The firm has chosen to maintain a Hold rating on the stock. The revision comes as Zscaler faces similar macroeconomic challenges as its peers, in addition to significant alterations in its sales processes. Despite these issues, the company has been acknowledged for its continued strong execution.

Zscaler concluded the fiscal year with its lowest year-over-year billings growth rate, reaching 27%, and provided a cautious forecast for fiscal year 2025 billings, particularly for the first half of the year.

The company has a track record of setting conservative billings growth targets at the start of a new fiscal year. However, concerns arise that investors might not have the patience to wait until the second half of the year to evaluate the company's progress in overhauling its sales organization and market approach, which is increasingly reliant on upselling to its existing customer base.

The company's product expansion strategy and the adoption of new products within its existing customer base are seen as increasingly vital. For the past year, emerging products represented 22% of Zscaler's new annual contract value (ACV), a rise from 18%, with expectations to increase to mid-20s percentages in fiscal year 2025.

Despite Zscaler's solid performance in the recent quarter, Loop Capital expresses caution due to the ongoing transition in sales leadership and the shift towards a more account-centric sales model, which presents substantial execution risks.

This risk is further heightened by the company's dependence on securing large deals, particularly with new clients, which account for roughly one-third of its new ACV.

Loop Capital's revised price target also reflects a more conservative cash flow forecast for the outer years, specifically beyond fiscal year 2027. Following the update from Loop Capital, Zscaler's shares experienced a downturn, dropping approximately 15% to $165 in after-hours trading.

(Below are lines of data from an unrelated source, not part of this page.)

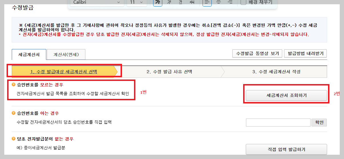 전자세금계산서 발급 → 전자세금계산서 수정발급 → 승인번호 모르는 경우로 선택→ 세금계산서 조회하기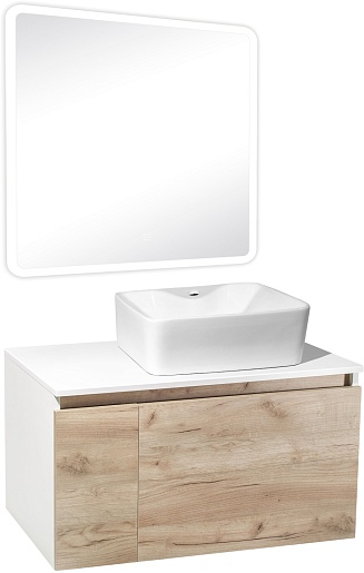 Runo Тумба с раковиной Бари 80 Lavello подвесная дуб крафт/белая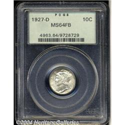 <B>1927-D<10C> MS64 Full Bands PCGS.</B></I> Original luster interspersed with hints of natural patina. A few minor blemishes sit on the near-Gem surfaces that limit the grade. A single black toning spot is noted on Liberty's cheek.<BR><I>From The Velma & Bowie Lynch Collection, Part Four.</B></I> <BR><BR><B>Important notice:</B> Heritage usually auctions material at the rate of 200-250 lots per hour. On some occasions eBay Live bid software or the Internet may not be able to keep up with the pace of the auction. We recommend placing a realistic absentee bid now as insurance to avoid disappointment. Occasionally the auctioneer may eliminate or reject an eBay Live bid, and the auctioneer may also reopen a lot after the close of the eBay live bidding (usually because we missed an audience bid), and may reject your bid even if it shows you as the winning bidder. By bidding via eBay Live, you agree that Heritage may award the lot to another bidder at its sole discretion under the circumstances described above or any other reasonable circumstances. Since eBay bids are not shown to us until we open the lot on the floor, we treat those bids just like floor bids. In most cases the floor responds before the eBay bid is presented to us, due to Internet lag time, so for consistency we have made it a policy that floor bids are always considered first over tie eBay live bids. Also please note that all Heritage lots purchased through eBay Live carry a 20% Buyer's Premium. Please make sure you read the Terms and Conditions before you bid. </span></font></tr></table></td></tr></table>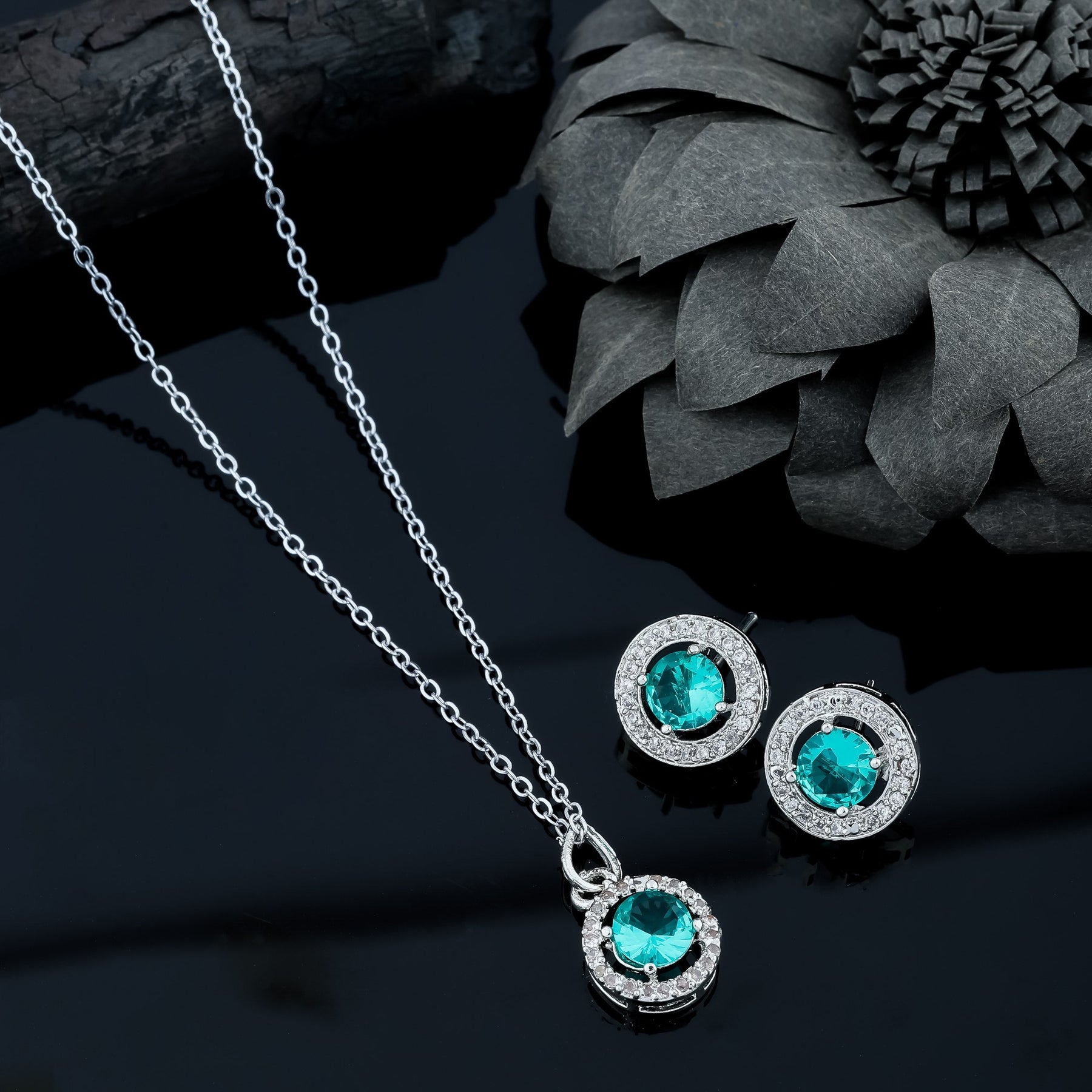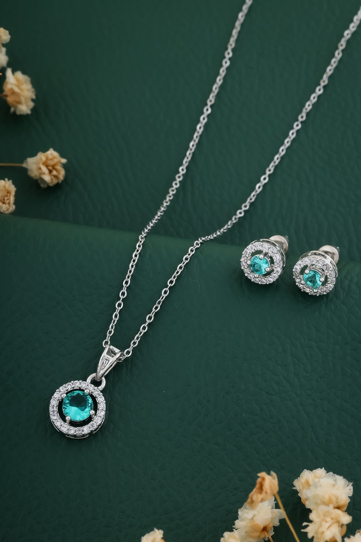 Rhodium Plated Pendant Chain, Has Sliver Toned Ad Sky Blue Stone-Studded Secured With A Hook Closure A Pair Of Matching Drop Earrings, Each Secured With A Post-And-Back

The firm concludes that while Zscaler is becoming the industry standard for zero-trust security architecture among large organizations, it is preferable to wait until the company has navigated through the current risks before reassessing its position. This perspective is reinforced by recent findings that suggest a deceleration in growth for Zscaler's core products, particularly in renewals.

In other recent news, Zscaler, a leader in cloud security, has had its price target adjusted by several investment firms following robust financial results for the fourth fiscal quarter. Zscaler's billings grew by 27% year-over-year to $910.8 million, surpassing consensus estimates by $18 million or 2%.

Additionally, the company's revenue saw a 30% increase to $592.9 million, beating expectations by 4.5%. Despite these strong results, Zscaler's initial fiscal year 2025 billings guidance indicated a heavier weighting towards the second half of the year, prompting firms such as Needham, Scotiabank, Baird, Rosenblatt, Mizuho Securities, and Cantor Fitzgerald to adjust their price targets.

InvestingPro Insights

As Zscaler (NASDAQ:ZS) navigates through a challenging macroeconomic landscape and transitions in its sales strategy, the latest data from InvestingPro provides further context to the company's financial health and market performance. With a market capitalization of $29.2 billion, Zscaler has been trading at a high Price / Book multiple of 26.71, reflecting its premium valuation in the market. Despite the absence of profitability in the last twelve months, analysts are optimistic about Zscaler's future, expecting net income growth and predicting the company will become profitable this year. This outlook is supported by an impressive gross profit margin of 77.94% and a robust year-over-year revenue growth of 37.16%.

InvestingPro Tips indicate that Zscaler's liquid assets exceed its short-term obligations, providing the company with a stable financial cushion to manage its moderate level of debt. Moreover, the company has shown a strong return over the last month, with a 13.96% increase in its stock price. These indicators suggest that while Zscaler is trading at high valuation multiples, its financials and recent performance may offer grounds for investor confidence. For those interested in a deeper dive into Zscaler's metrics and potential, InvestingPro offers additional tips and insights at https://www.investing.com/pro/ZS.

This article was generated with the support of AI and reviewed by an editor. For more information see our T&C.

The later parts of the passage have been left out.